A city’s past establishes a frame: what someone else imagined would work here, the residue of earlier futures. That’s why the spiritual life of a city is always new wine in old wineskins. And that means cities are risky, for Jesus warned that new wine will burst old skins. I think that’s why one must be smart when walking here. There is a building to the west of the Kampala taxi park—a quaint administrative shell left from the British Protectorate days—where a woman now presides over multiple Pentecostal deliverance services each week. Yearning to be made new, they stretch their bodies to the sky, pushing towards another story. Their voices join with the single sound of survival and renewal, of promise and request: the brash young taxi conductors drumming up business on the hollow sides of their vans; the poor Sudanese women, whispering foreign pleas, twisting their empty palms into open car windows; the street preachers demanding a megaphoned repentance, soft leather Bibles bending just so in their hands; the gentler evangelists weaving through traffic, begging the nearest stuck passenger to be born again before it’s too late—these roads are dangerous, after all. I learn from example to keep my gaze fixed ahead, to not become distracted by the cacophony of others’ hopes, to keep pushing. One morning, as I hesitantly crossed the jammed-up maze of the Wandegeya intersection, I marveled as a colorful blur twirled through its chaos in a tank top and jean shorts cut off at the upper thigh. He preened, like a crested crane on roller skates, then gracefully grabbed the hitch of an unwitting truck to tow him up Makerere Hill, where the road was newly smoothed with the dried red mud that filled in the cracks after the rain.
Images
1 Jason Bruner, All things are possible I–IV, Kampala, Uganda 2011–2016.
↘︎ Medium
1
Kampala, Uganda
It’s January, before the rains come. A film of dust casts the world in a dull sepia. The city responds with a unified determination: parking attendants ceaselessly splash grey water over the cars under their supervision; women, torsos perpetually perpendicular, scrape their handmade brooms along the sidewalks and storefronts. Still, the dust smooths the city’s creases. It piles in soft ridges beside streets. It covers unpaved roads with a rusty snow that never melts. I complain to Stella that I can’t keep my black dress shoes clean. «You don’t know how to walk,» she tells me. The scraping and sweeping and splashing keep the dust swirling down the sloping streets. It’s easy to move downhill in Kampala because in Kampala, everything rushes into a thousand whirlpools—always coming, always leaving, always pushing, always going nowhere. To survive here means not being carried along to someone else’s eddy. The dust settles, finally, at the bottom of the city, where it’s held in place by the minibus taxis’ thick diesel cloud. You can’t linger here, of course; just passing through twice a day turns my sneezes black at night. But if you cut your way out of the old taxi park and head east towards the city centre, you might climb a steep, uncertain sidewalk with loose cinderblock steps. And along those steps you might notice that while the advertisement is squared with the tile, something of the image is askew. You invent history to remove the dissonance: a tailor asked for a banner displaying Italian shoes, and these looked smart. I have not yet learned how to be smart—in the local sense—when I walk: graceful, deliberate. I wake up the next morning to find that Stella polished my shoes after dinner. I have not yet realized that my shoes will be no cleaner after the rains.

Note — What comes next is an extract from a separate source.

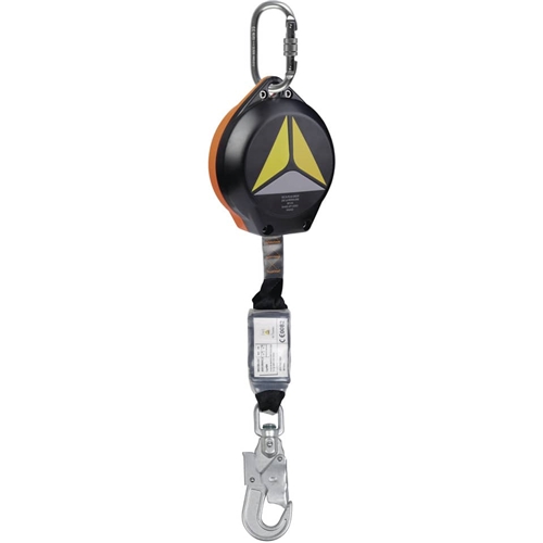 Anticaduta a richiamo automatico con cinghia in poliestere 25 mm. Taglia 6M. Carter di protezione in ABS. Tornichetto con indicatore di caduta. 1 moschettone AM016. Testato per uso orizzontale. Cinghie: Polistere. Carter : Plastica. Gancio : Acciaio. Molinello : Alluminio. Colore: Nero. Indicatore di caduta con facile verifica visiva. Leggero e compatto: 1,6 kg. Facile da trasportare e installare. Testato a 128 kg. Nessun problema legato al peso degli utensili trasportati o di altro.

«‹I am making all things new.› Also he said, ‹Write these things down.›»—Revelation 21:5 When missionaries came to the court of the Kabaka—first the Anglicans in 1877, the Catholics in 1879—they used the same word for read and pray. The new Christians learned that writing makes ideas into things: words, books, newspapers, laws. New subjects, new subjectivities, new subjugations. Is it a thing’s novelty that makes it worth writing down, as if there was something new under the equatorial sun? For most people here, style is the work of making things new—or, if not new, at least repurposed. Like the badass teenaged motorcycle taxi driver who wears slender, flamingo pink gloves that cover his forearms up to his elbows. Like the long-distance male runner who trained in a women’s swimsuit. Like the Pentecostal preachers filled with the dazzle of divine power. I once crossed the equator for a long weekend with a bus full of clergy. On the way back, I sat next to a young woman as we waited for the elderly bishops to say their goodbyes in the cathedral’s parking lot. The air was oppressively still, and sweat soaked through my khaki pants. The woman noticed my discomfort as I wiped my face. I pointed to the men coolly wearing their clerical collars. «I don’t know how they do it in this heat,» I chuckled. Her lips pressed into a wry smile, «Smartness knows no season.»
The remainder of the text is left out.